Maybe what really happened was that the key was stolen from one of the many agencies it must be sharing the key with, but they can't afford the embarrassment. We're as used to Microsoft causing security problems as we are to Trump committing crimes or Musk overpromising that it would not really register much..
After all, this is the same government that told you your luggage was still safe despite their mandated backdoor*, and you can get TSA keys now even from Amazon..
* If this sounds familiar, you're thinking of the insane idea to demand a backdoor into encryption that somehow seems to appear every 7 years or so, but in British politics.
I think your suggestion gains a bit of credibility from the fact that the US government seems not to care.
Whereas someone like me in charge, I'd be asking three letter agencies to evaluate that company with a view to perhaps excluding them from all government procurement for the next 20 years. Which, yes, I know, would cost a lot, but I'd think even a half-competent government can probably build their own data centers and go fully open source for about the same price.
> I'd think even a half-competent government can probably build their own data centers and go fully open source for about the same price.
Do you mean "a government which is half-way along the list of governments sorted by competency"? Looking at the number of government-based IT disasters, I really doubt it.
Or do you mean "a government which is half-way to being fully competent" ? I'm not sure there are any of those.
Why can't they just cancel this super-secret golden cryptographic skeleton key?
“golden cryptographic key ..which in the wrong hands can be used to create forged authentication tokens and log into other people's Microsoft accounts”
As distinct to falling into the right hands ;)
However, as per Microsoft's "standard debugging process," workers moved the crash dump from the isolated production network into a debugging environment on the internet-connected corporate network.
Sort of saying, then. "Oh yes we have a dump of supersenstive information that crashed. Let's take it somewhere insecure so that we can have a good look at it.".
Really. No one thought that this was a really stupid idea in general
Who was the dunce who thought it'd be ok that everything could go through the same converged API without actually checking whether the token had the privileges to act as a skeleton key. That is the most egregious error of them all.
Get your OAuth/OIDC right, for goodness sake. It's not that difficult either. OpenID Foundation has examples!
It's an interesting measure of blame... because unless one has proof of who did it, how can blame be laid at a particular "hacker group". Did this hacker group accidentally leave a business card when scarpering from the scene? Was this accidentally dropped or a red herring?

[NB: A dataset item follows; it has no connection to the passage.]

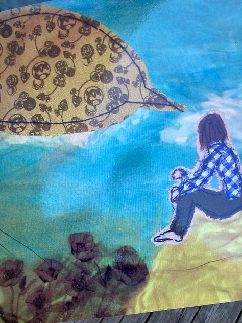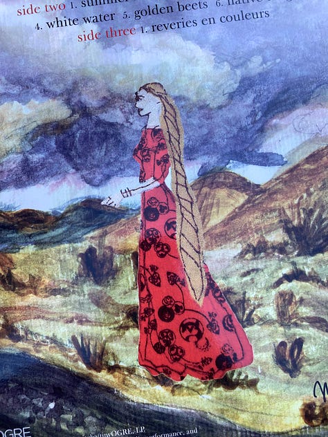 That artwork carried so many threads of my creative life at the time: scans of woven pieces I made in a textiles class at OCAD, a hand-screened repeat pattern on fabric, little hand-sewn figures in plaid, and a painted backdrop of mountains and desert. So when Aimee looked at me and said, “You did this? I really love it, I remember Gayle showing me this!” it was deeply affirming - like my music and my art had converged in the most unexpected way, and had been truly seen by someone I respected and admired.
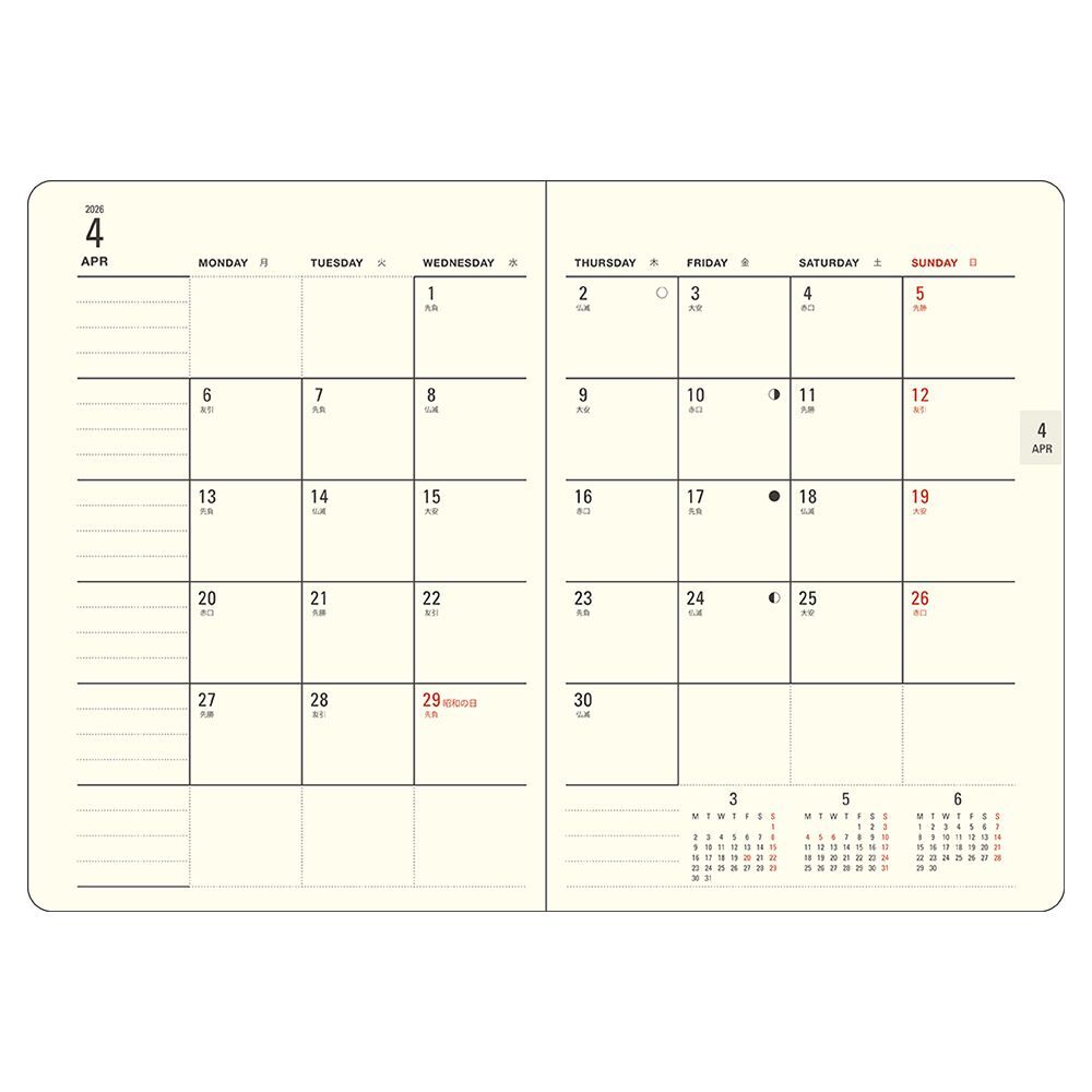 マンスリーには前月・翌月・翌々月の、ウィークリーには前月・当月・翌月・翌々月のミニカレンダーがついています。4ヶ月が見通せます。

The confident assignments of blame to "China" do sound like the previous "It was commies that done it" claims.
This doesn't mean that a Chinese state agency didn't do this, but I'd question any statement that they did without anything to back it up. Hell, there have been hacks where multiple groups have claimed that they did it and if it really was a Chinese state agency or a group sponsored by the Chinese state, I'd suspect that they'd take a dim view of those who did it showing off about it.
Its obvious that neither of you have worked with a Chinese citizen. Their goals will appear to be similar to yours, but in actuality, their sole goal is to advance China. They will take whatever they want, when they want it. If you think this is untrue or an unfair characterisation, you're wrong.
If you are not finished looking at a crash dump within a couple of days, why keep it? In contrast, why are access logs, which have long term value, regularly deleted?
What's the time between the original crash and the security failure? (Somewhere I read "2 years", but that may be unreliable information).